Another stupidity occurred in trying to download and use additional apps. Apps must run on Samsung’s proprietary Tizen operating system and they are few and primitive and generally not free, and overpriced. For example, I wanted a simple countdown timer with an alarm I could control, for timing meetings and movies. The free offering from Samsung was flawed and had terrible reviews. Others in the store were exorbitantly priced. I found a competent free third-party offering, downloaded it, and never saw it again. It had no widget and did not appear on any Samsung display of apps. I had no idea where it had gone or how to get to it. I had the same experience with several small utility apps, such as for a compass, a flashlight, and a calculator.
I should note that an enthusiastic user of this watch could do more with it than I did. It will, for example, allegedly send and receive phone calls in “Dick Tracy” mode, provided you sign up for a separate phone account with Verizon or other wireless provider. I had no need.

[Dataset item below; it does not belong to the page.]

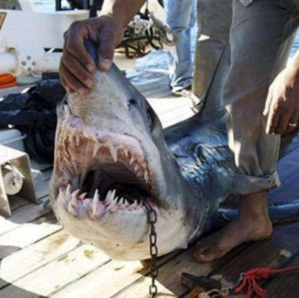
سمكة قرش قال غواص مصري التي هاجمت السائحين في شرم الشيخ

وتابع أن السلطات أخلت الشواطئ القريبة من السائحين.

The watch also supports making payments as long as you use “Samsung Pay” (it won’t do Google Pay or Apple Pay), and you don’t mind having your credit card information loaded into your phone/watch, and you have some kind of a problem with cash or plastic payments. It was not for me.
Fooling around with the various watch faces was kind of fun, I admit. I enjoyed the sheer creativity of the various designs, from analog to digital, to purely verbal, animated, graphic, artistic, and much else. The range of offerings made me reconsider “What is a clock, anyway?”

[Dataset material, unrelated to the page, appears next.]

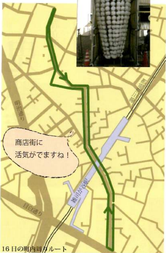
16日の町内周りルート

Most of them however were not readable at a glance, my main requirement, and 99% of the free ones were not customizable, so in reality, the list of practical choices was quite limited. But I did find a half-dozen that I liked. They all behaved differently, and I wondered how one’s choice of watch face interacts with the notification systems I struggled with. You would think those two things would be independent, but there is no way to know.
Incidentally, I ended up keeping my watch face “on” all the time because it was extremely annoying to glance at the watch and stare stupidly at a black screen until the watch face came “on” – admittedly after a second or less, but in psychological time, that was forever. So I selected “always on” mode, sacrificing a little battery performance to the spirit of Bishop Berkeley (“To be is to be perceived.”).

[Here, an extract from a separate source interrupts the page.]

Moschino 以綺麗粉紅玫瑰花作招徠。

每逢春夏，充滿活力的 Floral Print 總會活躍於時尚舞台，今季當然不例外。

It turns out, though, that “always on” really means that when you’re not looking, the watch face is in a reduced power mode, dim and minimized, but not fully on. Nevertheless the result was that when I rotated my wrist up to get the time, it came on much faster, with a delay that was merely annoying rather than infuriating.
After two weeks and many hours of fussing and learning, I decided that my not-so-smart watch was more trouble than it was worth and took it back. I think this is a technology before its time. In three to five years I’ll look again. For now I’m again wearing my $75, analog “Swiss Army” watch from Costco. It doesn’t report my heart rate, but it’s always on when I look at it, day or night.